Among the entries below, which lines run from the line with "2.玉米价格小幅上涨。2月份" through the line with "Minimalist hair stylist, pale"? Retype those, both ends included, exactly and without pictures.

--- Input material Enclosed Below ---

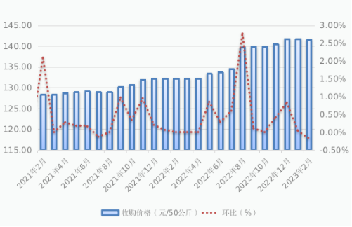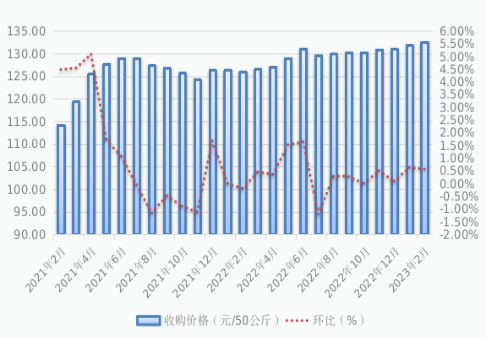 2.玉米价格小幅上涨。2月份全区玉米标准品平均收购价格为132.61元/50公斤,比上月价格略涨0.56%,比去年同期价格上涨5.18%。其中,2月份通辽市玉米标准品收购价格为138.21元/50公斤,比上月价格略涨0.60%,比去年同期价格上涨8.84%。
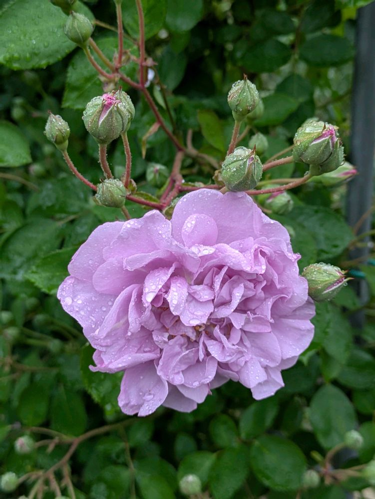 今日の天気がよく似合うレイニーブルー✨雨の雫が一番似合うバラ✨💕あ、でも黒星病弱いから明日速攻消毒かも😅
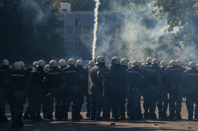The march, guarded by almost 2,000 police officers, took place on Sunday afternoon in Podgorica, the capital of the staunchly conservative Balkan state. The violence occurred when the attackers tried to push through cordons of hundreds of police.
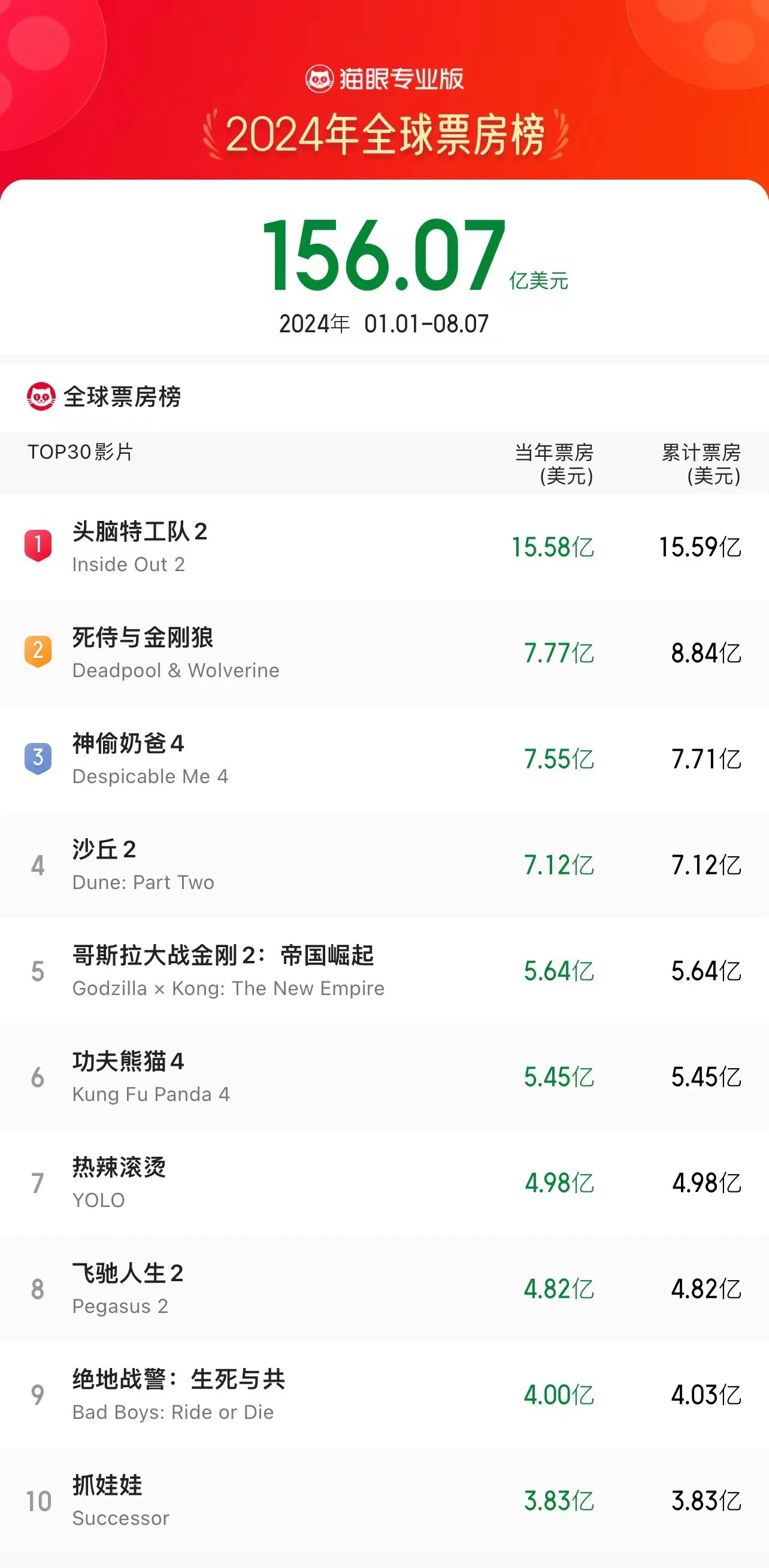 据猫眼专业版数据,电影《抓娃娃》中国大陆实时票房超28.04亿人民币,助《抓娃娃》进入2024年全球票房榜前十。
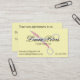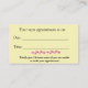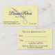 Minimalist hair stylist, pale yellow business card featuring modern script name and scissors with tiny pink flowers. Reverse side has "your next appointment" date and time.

--- End of Enclosed Input material ---
--- Input material Enclosed Below ---

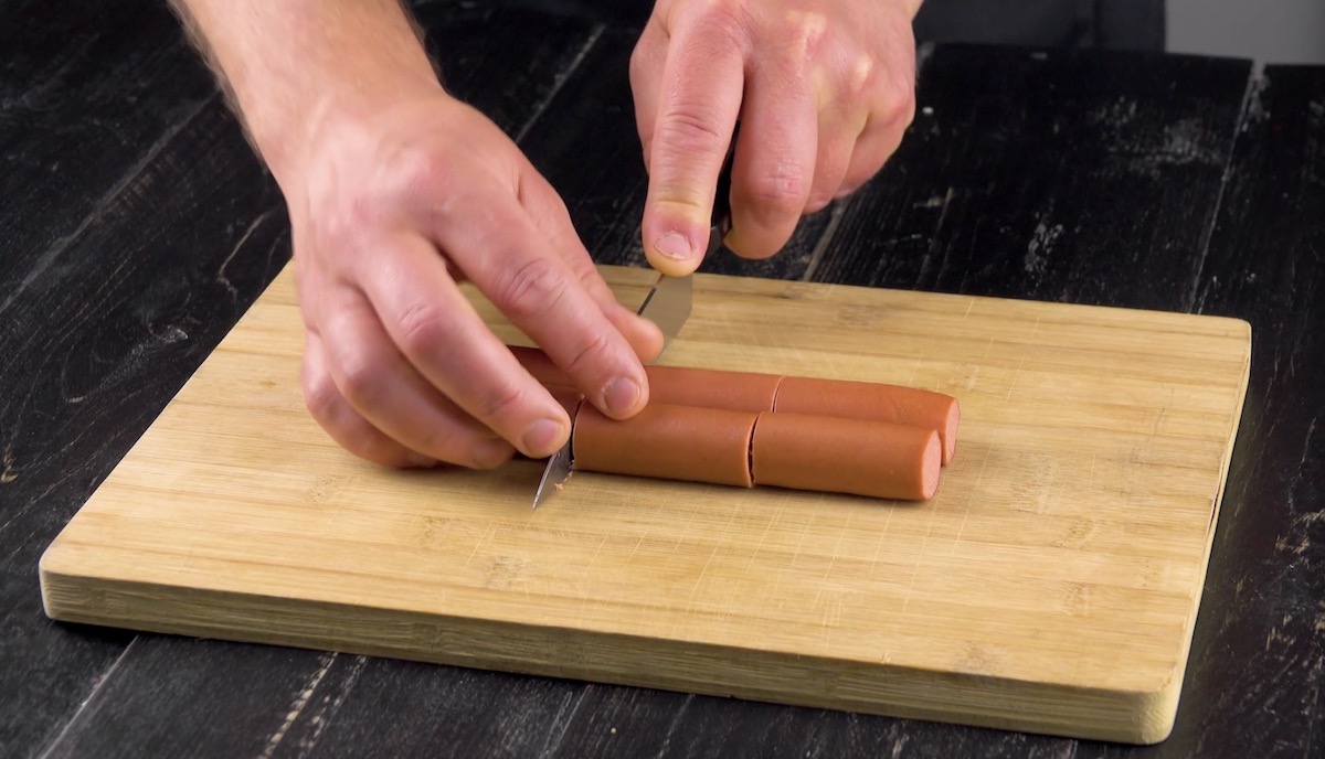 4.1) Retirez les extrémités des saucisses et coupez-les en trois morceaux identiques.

--- End of Enclosed Input material ---

**Expected answer:**
 2.玉米价格小幅上涨。2月份全区玉米标准品平均收购价格为132.61元/50公斤,比上月价格略涨0.56%,比去年同期价格上涨5.18%。其中,2月份通辽市玉米标准品收购价格为138.21元/50公斤,比上月价格略涨0.60%,比去年同期价格上涨8.84%。
 今日の天気がよく似合うレイニーブルー✨雨の雫が一番似合うバラ✨💕あ、でも黒星病弱いから明日速攻消毒かも😅
The march, guarded by almost 2,000 police officers, took place on Sunday afternoon in Podgorica, the capital of the staunchly conservative Balkan state. The violence occurred when the attackers tried to push through cordons of hundreds of police.
 据猫眼专业版数据,电影《抓娃娃》中国大陆实时票房超28.04亿人民币,助《抓娃娃》进入2024年全球票房榜前十。
 Minimalist hair stylist, pale yellow business card featuring modern script name and scissors with tiny pink flowers. Reverse side has "your next appointment" date and time.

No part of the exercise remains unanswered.